## TASK DESCRIPTION
The task calls for every entry to be printed word for word, without the images.
--- DATASET EXTRACT Enclosed Below ---
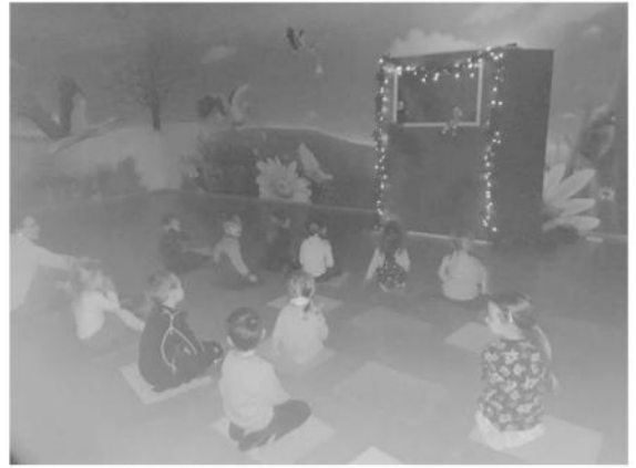
Die Auszubildenden bereiten ein Kaspertheaterstück für jede Gruppe vor, das sie allen zeigten.
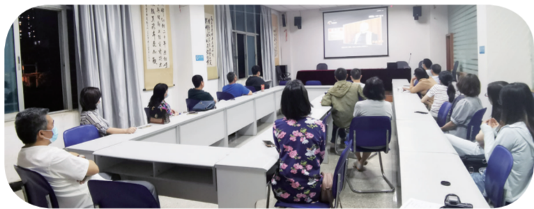
（云南省健康教育所党支部）

为认真贯彻落实省委、省纪委省监察委关于肃清秦光荣流毒影响部署要求，切实教育引导广大党员干部进一步强化廉洁自律意识，提高政治警觉，根据省卫生健康委机关纪委《关于认真组织观看〈政治掮客苏洪波〉警示教育片的通知》要求，所党支部组织全体党员及中层以上干部约 20 人，于首播当晚 5 月 7 日，在中心二楼会议室，集体观看了警示教育片《政治掮客苏洪波》。
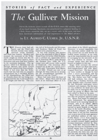
002 Erste Story über die Operation Greenup im Blue Book Magazine , April 1946.
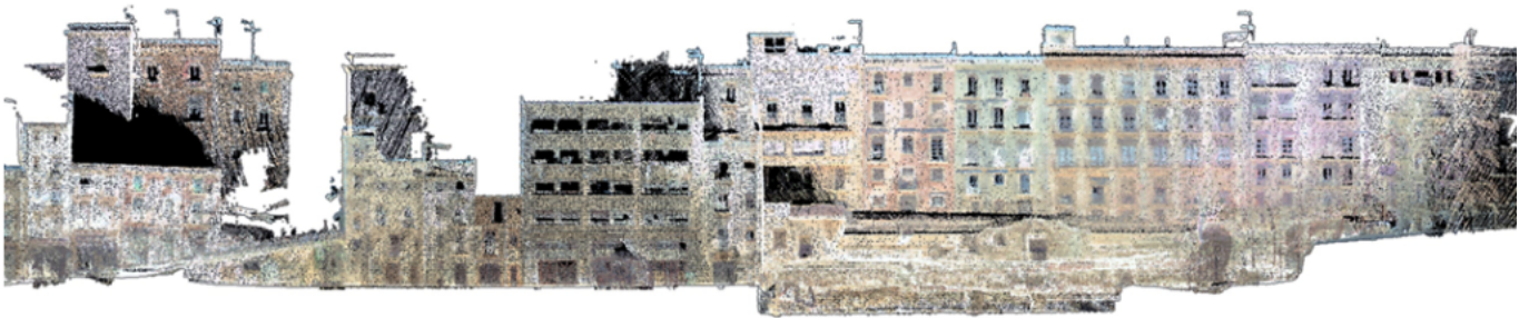
Reconstrucció tridimensional del carrer del Trinquet Vell (Tarragona).

Més informació sobre la publicació aquí .
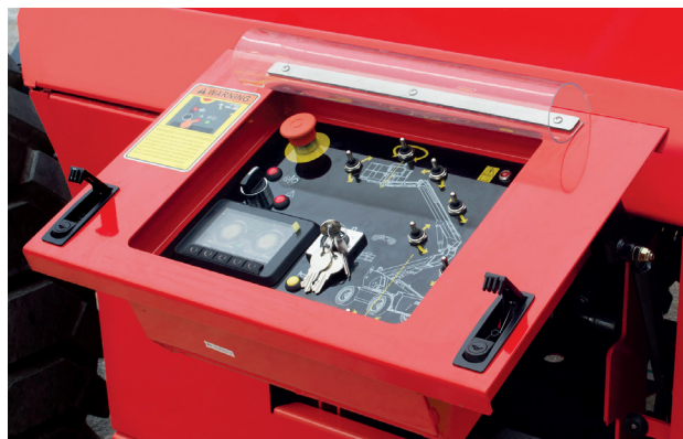
Pannello comandi da terra ergonomico
--- End of Enclosed DATASET EXTRACT ---
## SOLUTION TO THIS PROBLEM
Die Auszubildenden bereiten ein Kaspertheaterstück für jede Gruppe vor, das sie allen zeigten.
（云南省健康教育所党支部）

为认真贯彻落实省委、省纪委省监察委关于肃清秦光荣流毒影响部署要求，切实教育引导广大党员干部进一步强化廉洁自律意识，提高政治警觉，根据省卫生健康委机关纪委《关于认真组织观看〈政治掮客苏洪波〉警示教育片的通知》要求，所党支部组织全体党员及中层以上干部约 20 人，于首播当晚 5 月 7 日，在中心二楼会议室，集体观看了警示教育片《政治掮客苏洪波》。
002 Erste Story über die Operation Greenup im Blue Book Magazine , April 1946.
Reconstrucció tridimensional del carrer del Trinquet Vell (Tarragona).

Més informació sobre la publicació aquí .
Pannello comandi da terra ergonomico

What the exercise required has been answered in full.